Output only the lines of the entries that follow, starting at the one with "Lovely Fiji… so" and running down to the one with "The vases are", both included and unchanged.

Dataset records>
== == ==

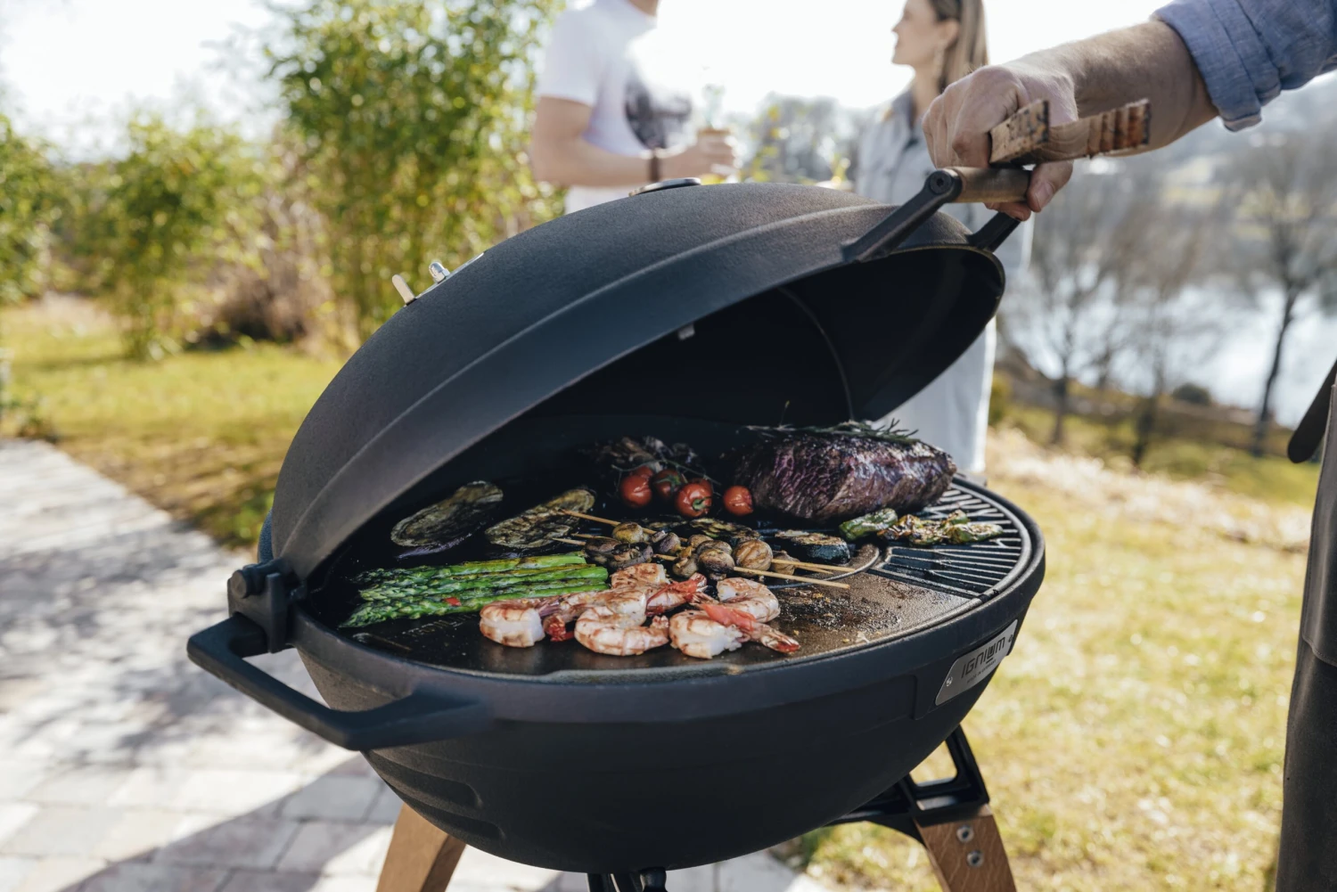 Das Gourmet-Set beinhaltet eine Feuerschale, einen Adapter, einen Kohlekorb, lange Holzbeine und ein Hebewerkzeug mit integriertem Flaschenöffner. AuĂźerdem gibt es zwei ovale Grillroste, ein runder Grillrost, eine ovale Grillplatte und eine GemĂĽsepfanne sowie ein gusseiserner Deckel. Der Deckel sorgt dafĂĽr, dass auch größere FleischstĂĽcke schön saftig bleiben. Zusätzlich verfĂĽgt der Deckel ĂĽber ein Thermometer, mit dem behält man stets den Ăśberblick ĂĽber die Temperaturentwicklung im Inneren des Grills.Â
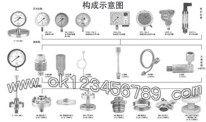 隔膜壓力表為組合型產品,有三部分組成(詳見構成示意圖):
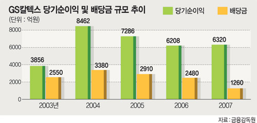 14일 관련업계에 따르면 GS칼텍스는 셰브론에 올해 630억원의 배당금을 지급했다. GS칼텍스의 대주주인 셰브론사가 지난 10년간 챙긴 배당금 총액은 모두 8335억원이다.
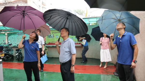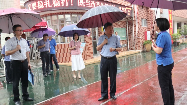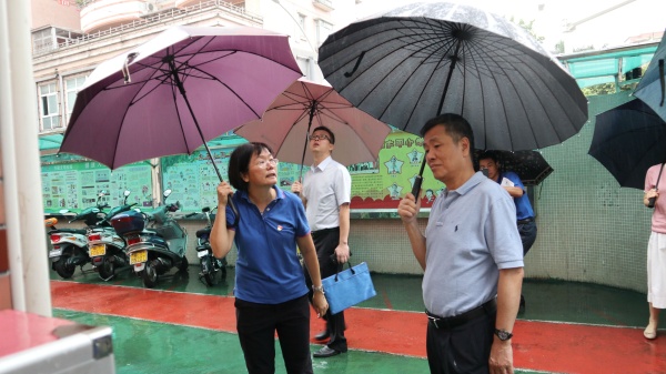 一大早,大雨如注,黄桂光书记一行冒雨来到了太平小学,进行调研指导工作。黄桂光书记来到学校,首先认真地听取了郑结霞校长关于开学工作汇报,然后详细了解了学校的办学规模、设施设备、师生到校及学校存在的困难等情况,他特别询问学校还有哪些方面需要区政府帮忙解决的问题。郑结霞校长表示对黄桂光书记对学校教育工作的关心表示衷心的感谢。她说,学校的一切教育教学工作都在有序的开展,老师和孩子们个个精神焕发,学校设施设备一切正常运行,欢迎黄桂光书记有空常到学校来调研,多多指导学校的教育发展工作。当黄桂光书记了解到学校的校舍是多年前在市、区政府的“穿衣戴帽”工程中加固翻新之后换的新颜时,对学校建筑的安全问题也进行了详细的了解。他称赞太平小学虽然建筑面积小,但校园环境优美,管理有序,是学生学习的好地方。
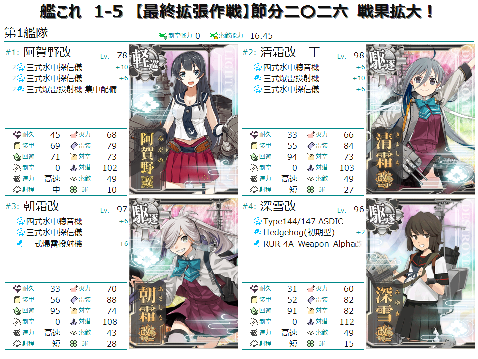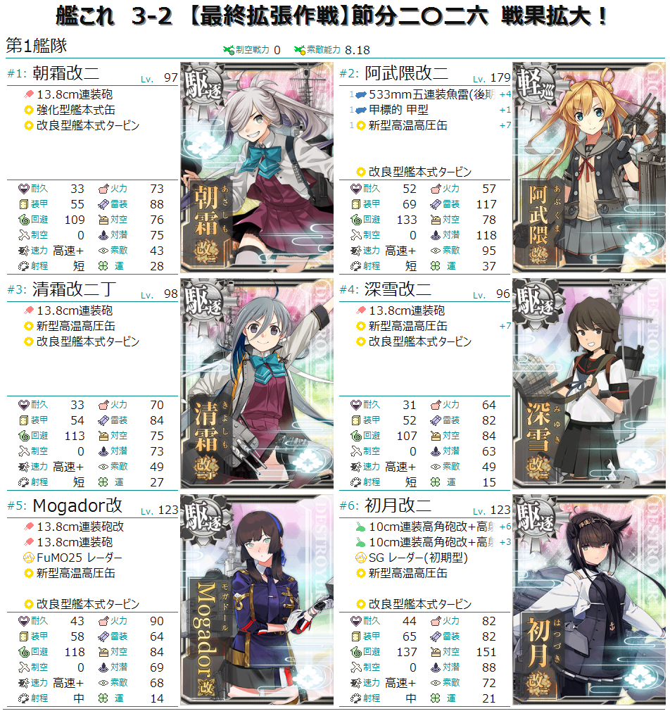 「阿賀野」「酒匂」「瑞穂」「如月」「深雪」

== == ==

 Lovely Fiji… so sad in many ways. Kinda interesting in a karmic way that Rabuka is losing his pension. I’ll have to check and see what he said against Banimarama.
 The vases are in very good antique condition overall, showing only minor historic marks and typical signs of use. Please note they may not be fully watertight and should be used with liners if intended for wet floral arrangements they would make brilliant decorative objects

== == ==

Reply>
 Lovely Fiji… so sad in many ways. Kinda interesting in a karmic way that Rabuka is losing his pension. I’ll have to check and see what he said against Banimarama.
 The vases are in very good antique condition overall, showing only minor historic marks and typical signs of use. Please note they may not be fully watertight and should be used with liners if intended for wet floral arrangements they would make brilliant decorative objects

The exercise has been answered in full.